Higher education music school in Mexico

The Fermatta Music University Center, also known as Centro Universitario de Música Fermatta, is an institution specializing in professional music education. Founded in 1993, it has campuses in Mexico City, Mexico, Guadalajara, Jalisco, Monterrey, Nuevo León, Querétaro, Querétaro and Puebla, Mexico.

The Fermatta Music University Center is a founding member of the International Association of Music Colleges and Universities.

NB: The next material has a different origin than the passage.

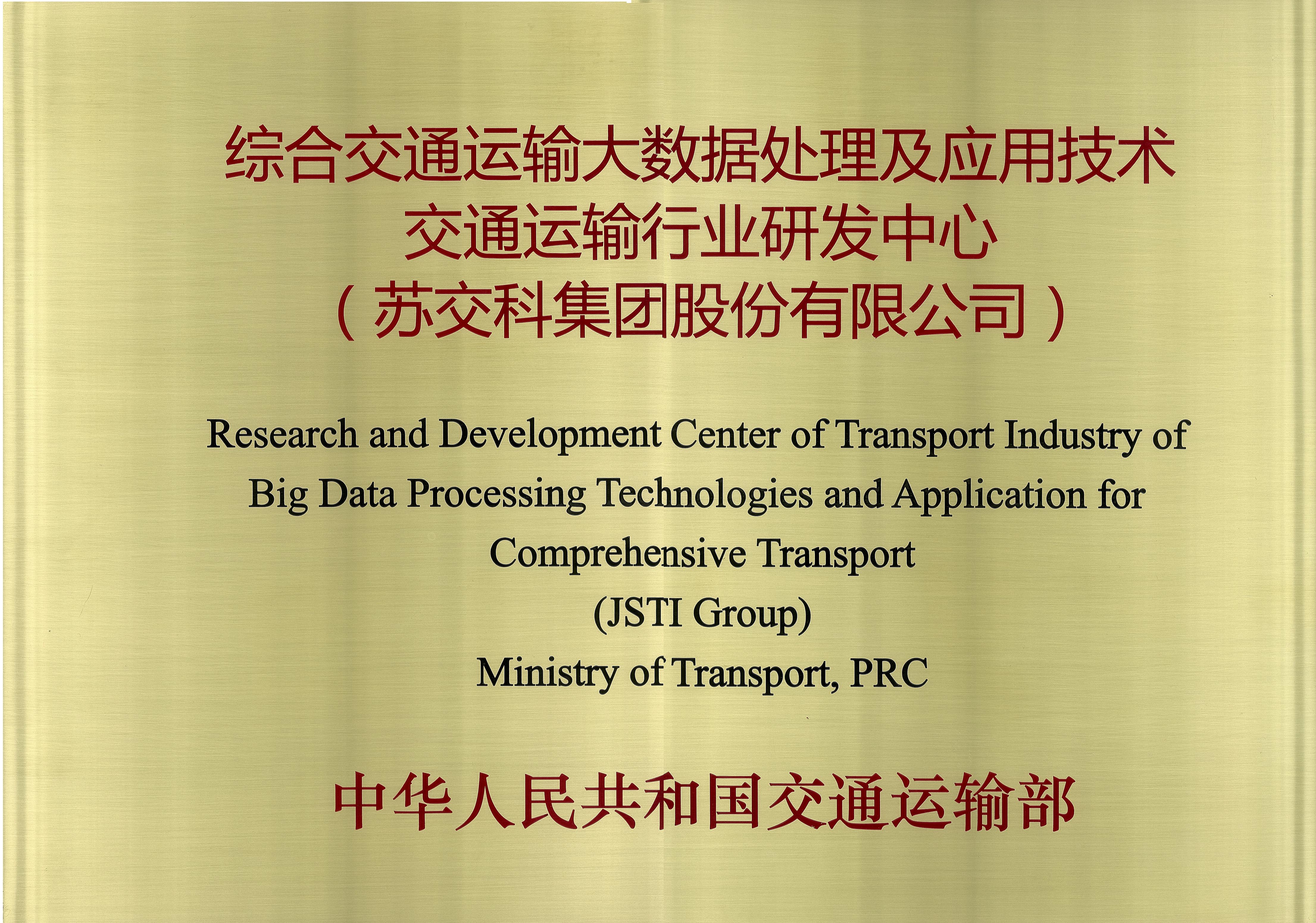 綜合交通運輸大數據處理及應用技術交通運輸行業研發中心(交通運輸部,2017)

It is the first institution of musical education at the professional level endorsed by the Ministry of Education in Mexico.

==History==
The Fermatta Music University Center was founded in 1993 with the aim to cultivate musicians by providing modern music education.

As a pioneer in teaching contemporary music, one of the first awards Fermatta received was the certification granted by the Mexican government's Secretary of Public Education. This official recognition made it the first school capable of offering undergraduate studies in the areas of composition, execution and engineering with a focus on contemporary music.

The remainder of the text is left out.